After his ordination, Luther was asked to study theology in order to become a professor at one of the many new German universities. The following year he was assigned by Johann von Staupitz, vicar-general of the Augustinians and a friend and counselor, to the University of Wittenberg which had been founded just six years earlier. He was to give introductory lectures in moral philosophy. Two years later, he had the opportunity to visit Rome and was shocked by the worldliness of the Roman clergy.

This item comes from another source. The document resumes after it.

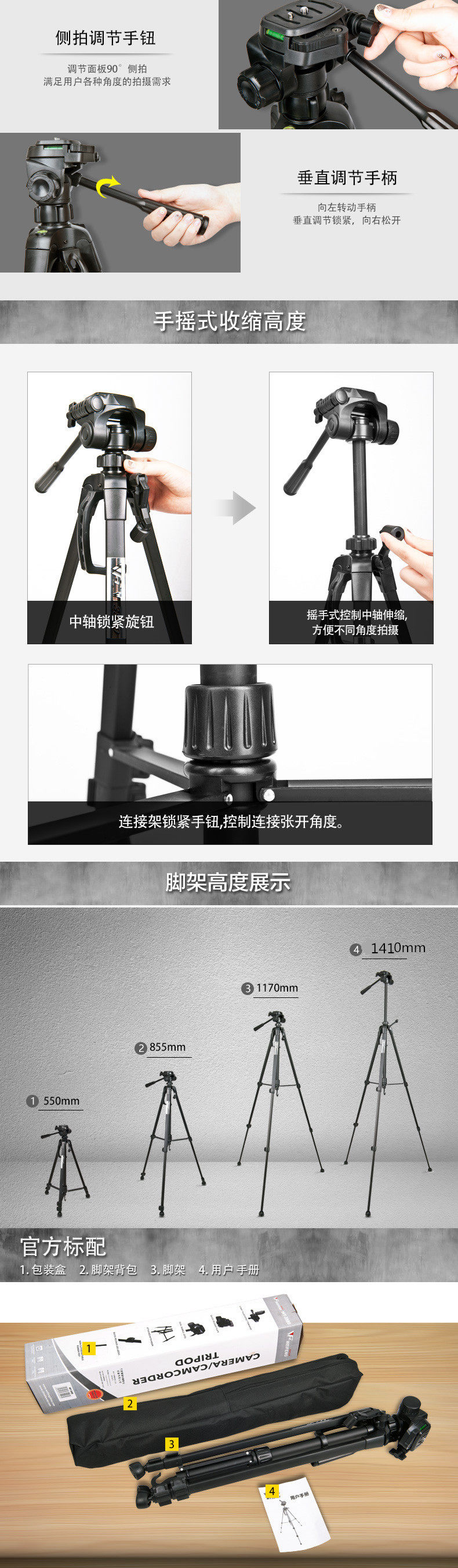 Weifeng 3520 Single Eye Camera Tripod Photographic Videography Portable Micro Single Eye Camera Tripod Phone Self Selfie Live Bracket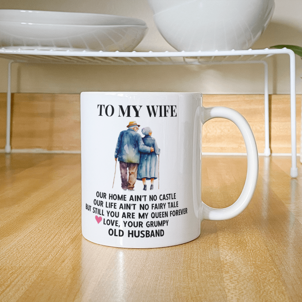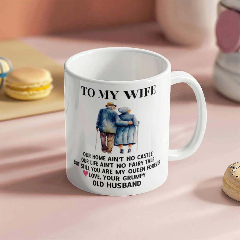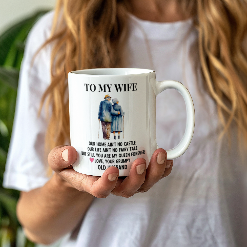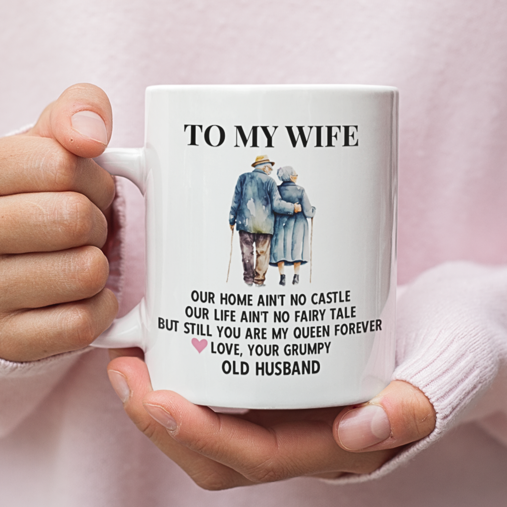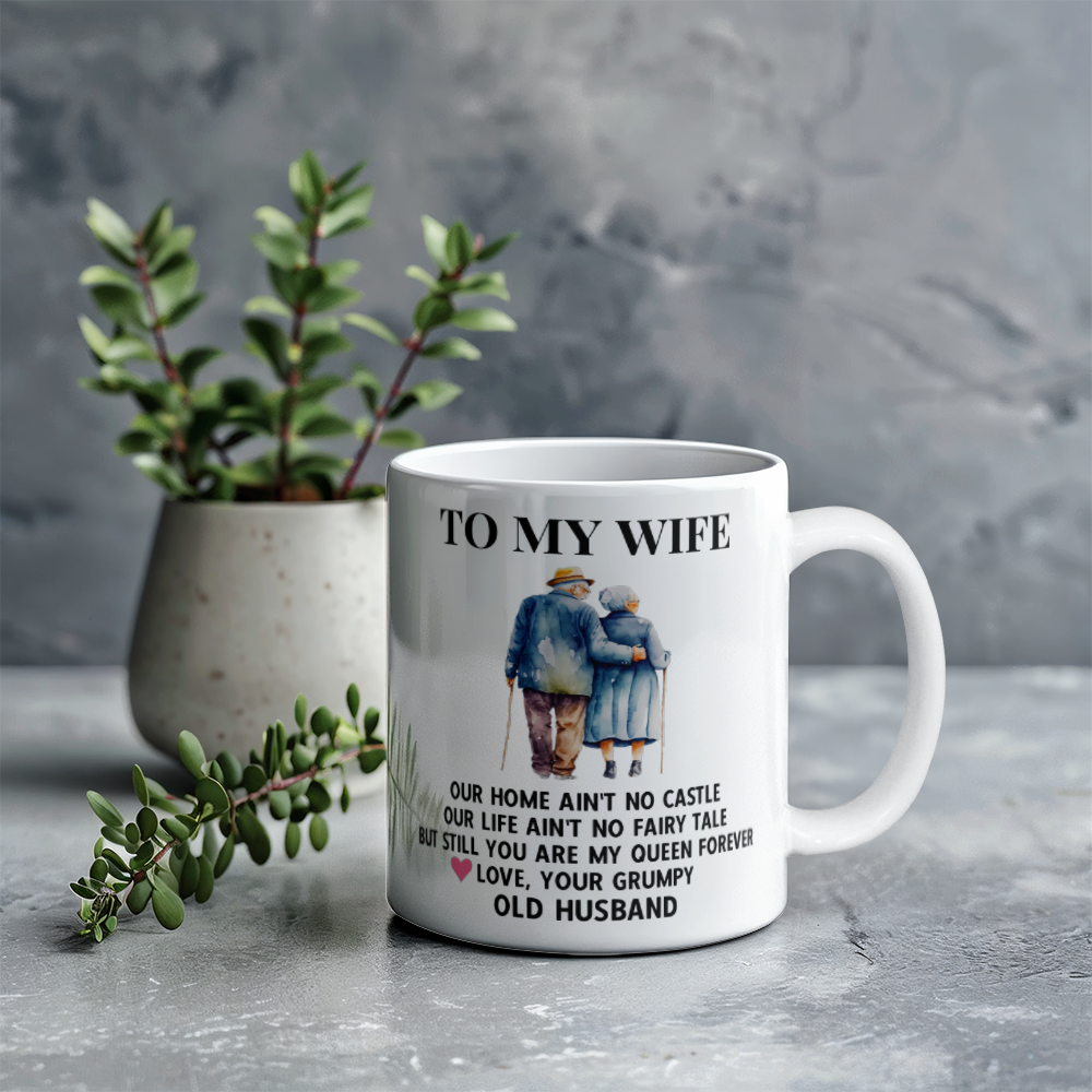 Show your wife just how much she means to you with this heartfelt mug. Perfect for the husband who knows that life isn't always a fairy tale, but his wife will always be his queen. This touching gift is a daily reminder of your love, even in the simplest moments. Make her smile with every sip, and remind her that, through it all, you're still her "grumpy old husband."

Increasingly concerned about corruption within the church—both material and spiritual—Luther suddenly became a public and controversial figure when he published his Ninety-Five Theses, on this day in 1517. They were supremely academic in character—Latin propositions opposing the manner in which indulgences were being sold to raise money for the construction of Saint Peter's in Rome. The Theses caused great excitement and were immediately translated into German and widely distributed. Luther's spirited defense and further development of his position through public university debates in Wittenberg and other cities resulted in an investigation by the Roman Curia that led to his condemnation three years later and his excommunication a year after that in 1521. Summoned to appear before Emperor Charles V at the Diet of Worms in April 1521, he was asked before the assembled secular and ecclesiastical rulers to recant. He refused firmly, asserting that he would have to be convinced by Scripture and clear reason in order to do so, “Here I stand, I can do no other.”
Condemned by the emperor, Luther was spirited away by his prince, the elector Frederick the Wise of Saxony, and kept in hiding at Wartburg Castle. There he began his translation of the New Testament from the original Greek into German, a seminal contribution to the development of a standard German language. Disorders in Wittenberg caused by some of his more extreme followers forced his return to the city in March 1521, and he restored peace through a series of sermons.
By that time, it was clear that the protesting churches—or the Protestants, as they came to be called—would not succeed in reforming the whole church as Luther had wished, and so they established a new ecclesiastical structure rooted in the idea of the three Solas: Sola Scriptura (Scripture Alone), Sola Gratia (Grace Alone), and Sola Fide (Faith Alone). Thus was born the Reformation. Soli Deo Gloria!